--- START ---

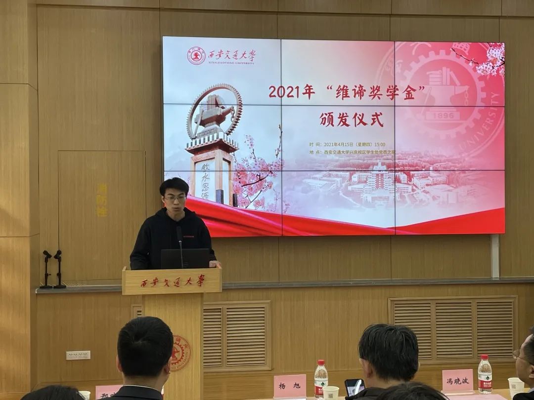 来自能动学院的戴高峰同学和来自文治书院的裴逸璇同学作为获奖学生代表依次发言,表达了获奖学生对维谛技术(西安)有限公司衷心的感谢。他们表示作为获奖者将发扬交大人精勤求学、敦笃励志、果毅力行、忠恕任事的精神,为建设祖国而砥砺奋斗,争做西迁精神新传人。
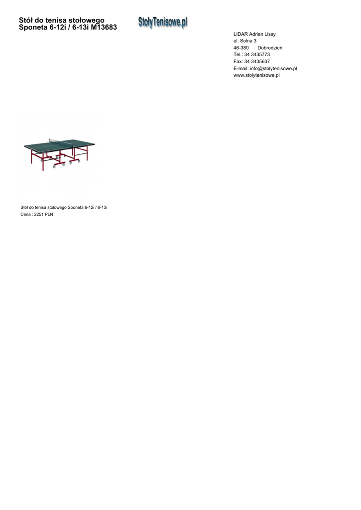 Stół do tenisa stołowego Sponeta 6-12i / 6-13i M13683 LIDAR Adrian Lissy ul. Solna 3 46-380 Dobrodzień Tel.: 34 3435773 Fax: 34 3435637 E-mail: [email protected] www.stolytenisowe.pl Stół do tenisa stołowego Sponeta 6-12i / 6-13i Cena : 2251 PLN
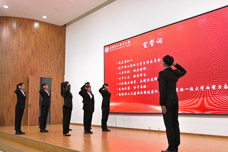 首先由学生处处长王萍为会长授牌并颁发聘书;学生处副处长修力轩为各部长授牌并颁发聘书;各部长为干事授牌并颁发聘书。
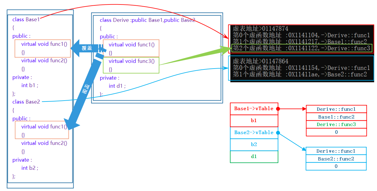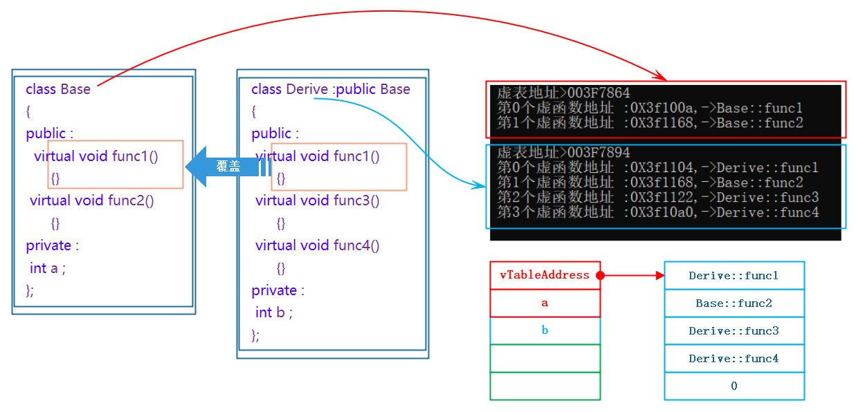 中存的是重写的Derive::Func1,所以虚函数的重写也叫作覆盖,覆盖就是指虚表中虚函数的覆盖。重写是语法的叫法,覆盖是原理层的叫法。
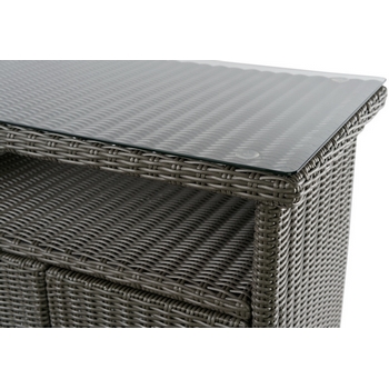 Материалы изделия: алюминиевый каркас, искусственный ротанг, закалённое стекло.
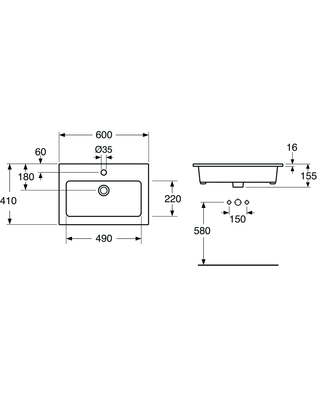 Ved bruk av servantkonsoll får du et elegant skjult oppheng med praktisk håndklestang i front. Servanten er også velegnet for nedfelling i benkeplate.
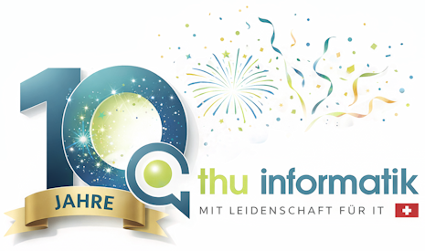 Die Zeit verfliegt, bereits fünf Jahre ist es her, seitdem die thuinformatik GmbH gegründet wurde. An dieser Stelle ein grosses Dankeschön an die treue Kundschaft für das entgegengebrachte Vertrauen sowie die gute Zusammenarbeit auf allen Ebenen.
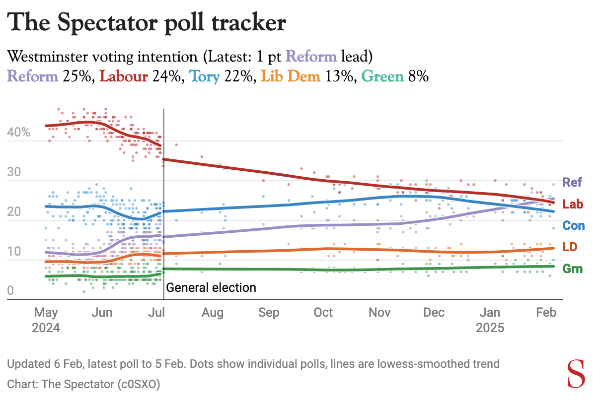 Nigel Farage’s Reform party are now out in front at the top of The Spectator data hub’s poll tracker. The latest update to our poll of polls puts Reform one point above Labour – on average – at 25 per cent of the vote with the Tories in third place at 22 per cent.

--- END ---

**Task instructions:**
The reply must contain every entry above, exactly as written, and none of the pictures.

**Written answer:**
 来自能动学院的戴高峰同学和来自文治书院的裴逸璇同学作为获奖学生代表依次发言,表达了获奖学生对维谛技术(西安)有限公司衷心的感谢。他们表示作为获奖者将发扬交大人精勤求学、敦笃励志、果毅力行、忠恕任事的精神,为建设祖国而砥砺奋斗,争做西迁精神新传人。
 Stół do tenisa stołowego Sponeta 6-12i / 6-13i M13683 LIDAR Adrian Lissy ul. Solna 3 46-380 Dobrodzień Tel.: 34 3435773 Fax: 34 3435637 E-mail: [email protected] www.stolytenisowe.pl Stół do tenisa stołowego Sponeta 6-12i / 6-13i Cena : 2251 PLN
 首先由学生处处长王萍为会长授牌并颁发聘书;学生处副处长修力轩为各部长授牌并颁发聘书;各部长为干事授牌并颁发聘书。
 中存的是重写的Derive::Func1,所以虚函数的重写也叫作覆盖,覆盖就是指虚表中虚函数的覆盖。重写是语法的叫法,覆盖是原理层的叫法。
 Материалы изделия: алюминиевый каркас, искусственный ротанг, закалённое стекло.
 Ved bruk av servantkonsoll får du et elegant skjult oppheng med praktisk håndklestang i front. Servanten er også velegnet for nedfelling i benkeplate.
 Die Zeit verfliegt, bereits fünf Jahre ist es her, seitdem die thuinformatik GmbH gegründet wurde. An dieser Stelle ein grosses Dankeschön an die treue Kundschaft für das entgegengebrachte Vertrauen sowie die gute Zusammenarbeit auf allen Ebenen.
 Nigel Farage’s Reform party are now out in front at the top of The Spectator data hub’s poll tracker. The latest update to our poll of polls puts Reform one point above Labour – on average – at 25 per cent of the vote with the Tories in third place at 22 per cent.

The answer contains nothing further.